Depuis 2007, plusieurs centaines de familles de saisonniers bulgares séjournent temporairement ou de manière permanente dans le Tarn et Garonne, et en particulier dans la ville de Moissac (13 400 habitants). Cette main-d’œuvre permet depuis près de deux décennies de maintenir le dynamisme du secteur agricole du territoire, mais cette présence fait débat : d’aucuns rendent ces nouveaux Moissagais responsables de certaines nuisances en centre-ville et craignent leurs regroupements sur la voie publique. Le maire, Romain Lopez (RN), opposé à cette migration économique, a depuis la campagne électorale 2020 pris pour cible cette migration économique et l’a désignée comme problématique.
Le 11 mars les rédactions de France 3 Occitanie en partenariat avec la Dépêche ont organisé le débat du 1er tour des élections municipales 2026 à Moissac, avec pour invités les quatre têtes de liste : R. Lopez, Jules Duffaut (Horizons), Séverine Laurent (DVC) et Estelle Hemmami (PS-PCF-LE-NPA). La question des travailleurs saisonniers a occupé la première partie des débats, E. Hemmami proposant un travail sur le logement en centre-ville pour mieux accueillir ces populations, améliorer leur intégration et les relations avec les riverains.
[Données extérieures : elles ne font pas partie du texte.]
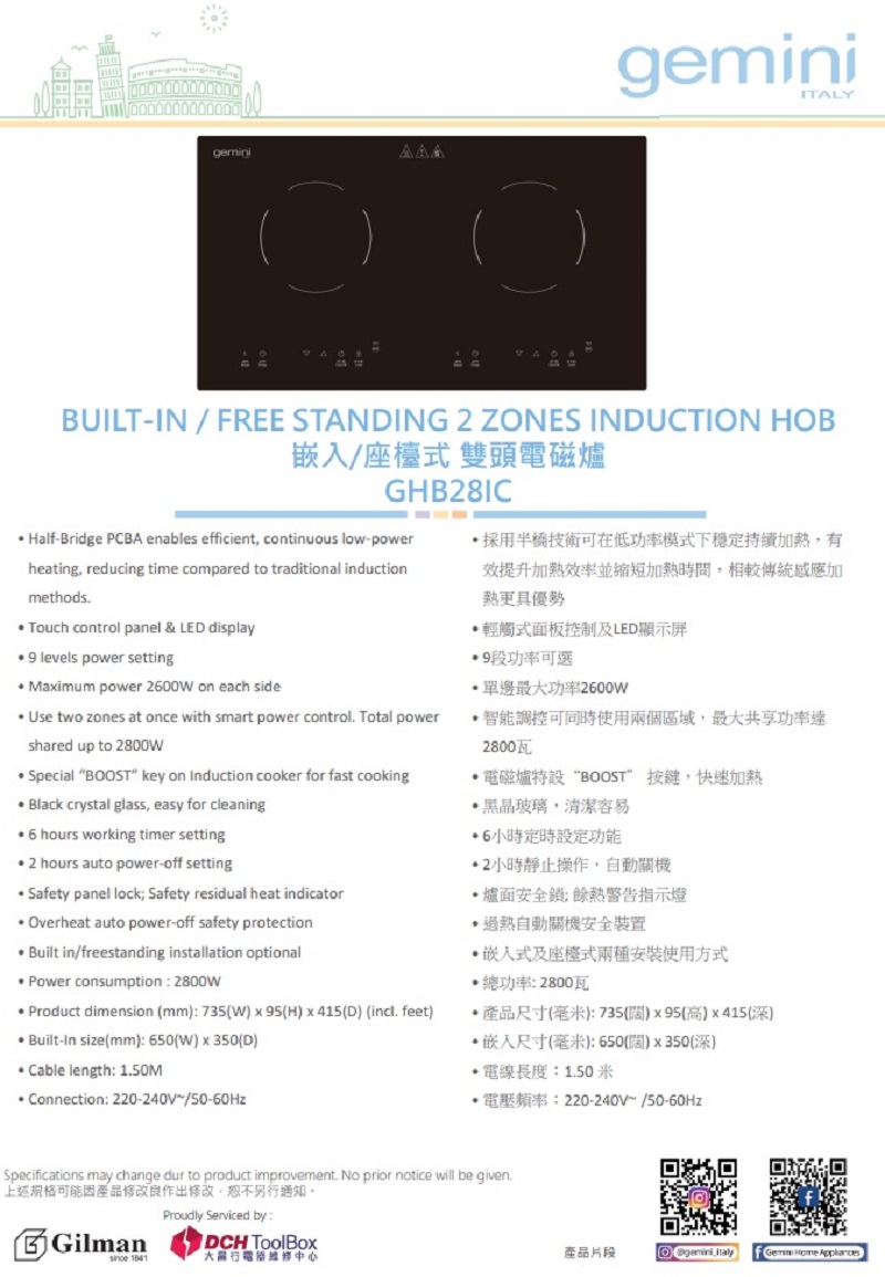 Gemini - GHB28IC 2800W 嵌入/座檯式 雙頭電磁爐 GHB28IC Gemini - GHB28IC 2800W 嵌入/座檯式 雙頭電磁爐 Gemini - GHB28IC 2800W 嵌入/座檯式 雙頭電磁爐

J. Duffaut a confirmé que « le vrai nœud du problème » était le logement et a souhaité le déploiement sur 10 ans d’un hébergement collectif sur les exploitations agricoles. S. Laurent a critiqué les logements indignes où certains étaient logés (garages de voiture), puis a mis en garde sur des « mafias » contrôlant une partie du flux migratoire et à surveiller. Quant au maire sortant, il a décrit la présence bulgare comme une « immigration massive de peuplement », justifiant son propos par l’arrivée des ouvriers en même temps que le reste de leur famille. E. Hemmami a rétorqué que, lors des autres vagues de migrations liées au travail saisonnier, les ouvriers s’étaient également installés avec leurs familles. R. Lopez souhaite remplacer les ouvriers bulgares par une main-d’œuvre en provenance du Maroc, c’est pourquoi il s’est mis en relation avec la consule du Maroc et les services de l’État. Il a également déclaré que le taux de chômage important à Moissac (13,4 %) était la conséquence de la présence de l’immigration bulgare que les agriculteurs locaux n’employaient plus désormais.
E. Hemmami, qu’un des ouvriers bulgares, Ignat Bonchev, a rejoint sur sa liste, a relativisé ces déclarations, précisant que les travailleurs bulgares étaient employés sur tout le département et même au-delà, jusqu’à Marmande (Lot-et-Garonne) ; une extension géographique du travail saisonnier des Bulgares de Moissac et alentours confirmée par le Centre d'informations et de recherches sur les Balkans.
Sources : France 3 Région, France TV, réseaux sociaux.